Марк зарылся лицом в загривок кошки, которая снисходительно прибавила громкости, и сказал со счастливым изумлением:
– Ни капли не колбасит! В реале сдох бы давно!
– При чем тут «бы», – пробормотала Алина.
Тинатин, кажется, метнула в нее укоряющий взгляд. А Карим спросил:
– Так игра же перезапускается постоянно. Что они, эти… азат хатыннар, в каждом сеттинге перерождаются?
– Вот это вопрос, – сказал Марк со вздохом. – Если бы ответ был, причем такой… положительный, то куча народу перебежала бы в виртуал.
– Ну да, счастье же: лежишь, гниешь помаленьку, ни о чем не заботишься, зато ты царь горы, и пофиг, что на самом деле ее не существует, – желчно согласилась Тинатин.

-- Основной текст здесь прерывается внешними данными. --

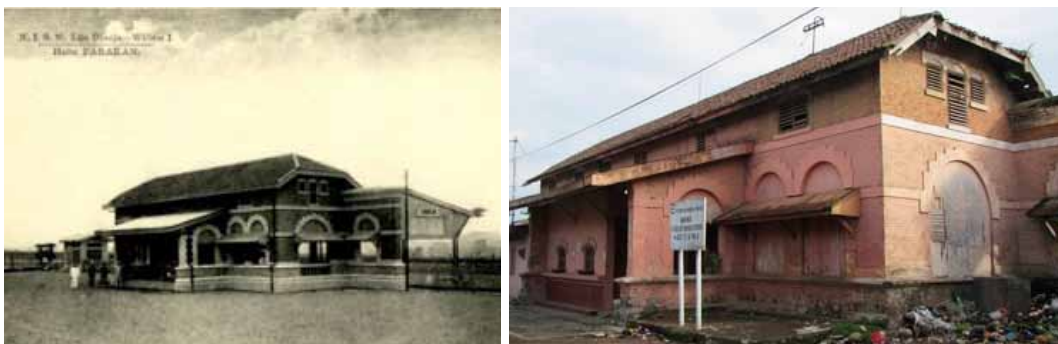
Figures 9. Old train station of Parakan, a historical building from the colonial era, it was the only rail station that brought all soldiers into to Parakan to meet KH Subkhi for Bamboo Runcing production.

In addition, there are also several buildings that represent the colonial era, such as the old railway station. This is from the 19th century, and its function was to bring goods from other cities in Java as Parakan was a well known trading hub in the colonial era. It was also the only station soldiers used to meet KH Subuki to make Bambu Runcing (see Figure 9). As shown, the building is in poor condition as it has been neglected for years, although its structure is still in good condition. This abandoned building should be well maintained and become a primary consideration for the local government.

– Большинство с этим без всяких игр справляется, – отметила Алина.
– Ну началось, – сказала Тинатин.
А Алиса спросила с внезапным раздражением:
– Ну и где эти асаты? Нам бы, блин, помогли хоть раз, коли больше заняться нечем.
– Так мы же и не начинаем играть толком-то, – напомнил Марк. – Аля же сказала. Потом, это ж бета-версия, только запускаемая, кто бы успел перескочить. Кстати, о сиянии, Аль. На будущее: такая себе перспектива застрять в игре, которая даже стартовать не успевает.
А то я не знаю, зло подумала Аля, а Алиса будто ей в рифму боевито спросила Марка:
– А откуда ты знаешь, что игра не начинается? Это, может, для нас только, а нормальные люди все играют, только в путь.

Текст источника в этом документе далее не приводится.